I think the thing I love most about debugging software is that each tough bug can seem like an insurmountable challenge — until you figure it out. But until you do, each tough bugs is the hardest problem you’ve ever had to solve. There are weeks when every morning presents me with a seemingly impossible challenge, and each afternoon I get to spike my keyboard and do a little victory dance before running for the train.

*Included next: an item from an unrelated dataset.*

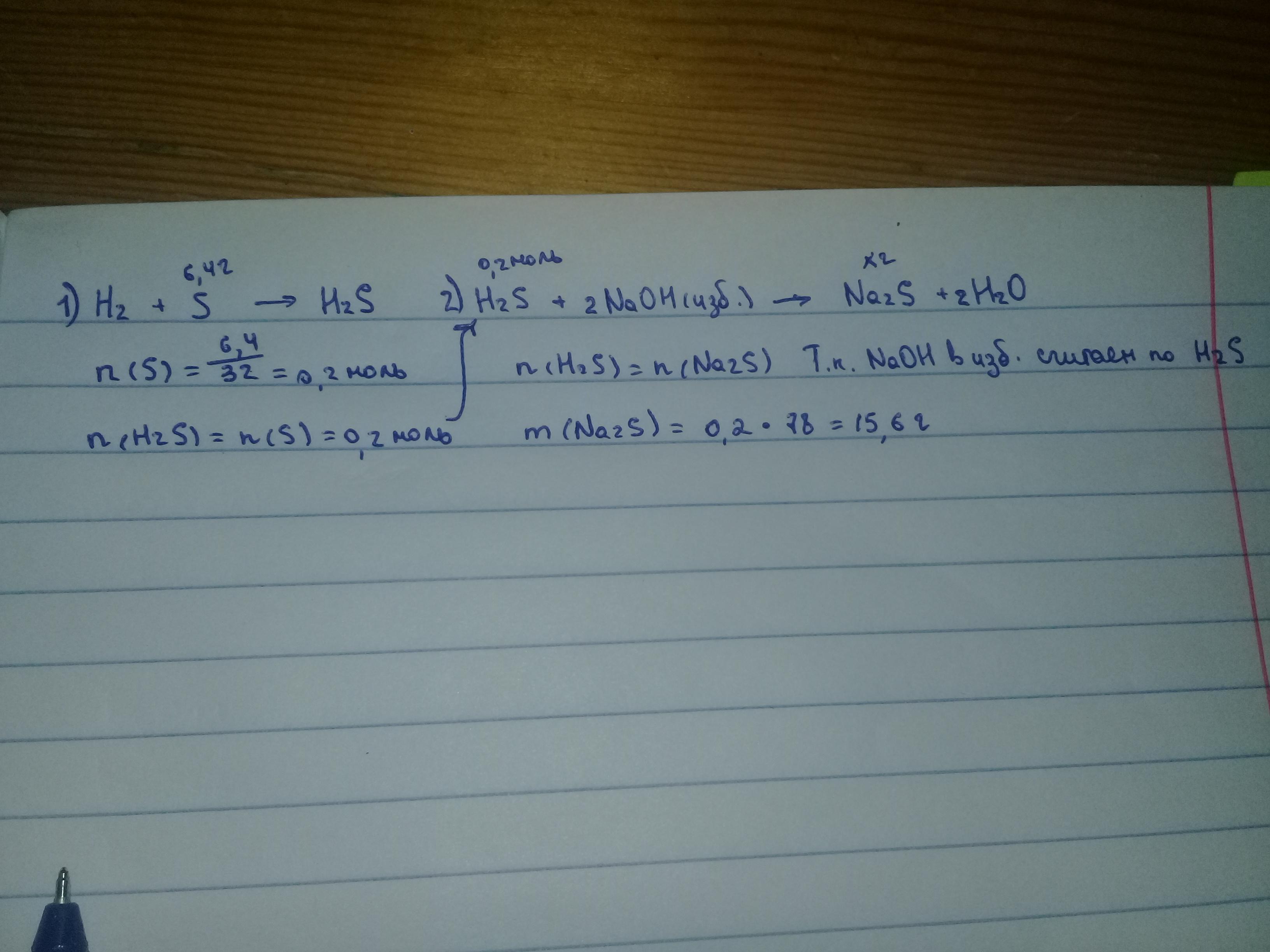 ДАЮ 30 БАЛЛОВ, ПОДРОБНОЕ РЕШЕНИЕ СРОЧНО!!! В водороде сожгли 6,4 г серы. Растворили полученное соединение в избытке гидроксида натрия. Определите массу полученной соли.

For my first OpenSolaris blog post, I thought I talk about one of my favorite such bugs. This particularly nasty bug had to do with a tricky interaction between VMware and DTrace (pre-production versions of each to be clear). My buddy Keith — a fellow Brown CS Grad — gave me a call and told me about some strange behavior he was seeting running DTrace inside of a VMware VM. Keith is a big fan of DTrace, but an intermittant, but reproducable problem was putting a damper on his DTrace enthusiasm. Every once in a while, running DTrace would cause the system to freeze. Because Solaris was running in the virtual environment, he could see that both virtual CPUs where spinning away, but they weren’t making any forward progress. After a couple of back and forths over email, I made the trip down to Palo Alto so we could work on the problem together.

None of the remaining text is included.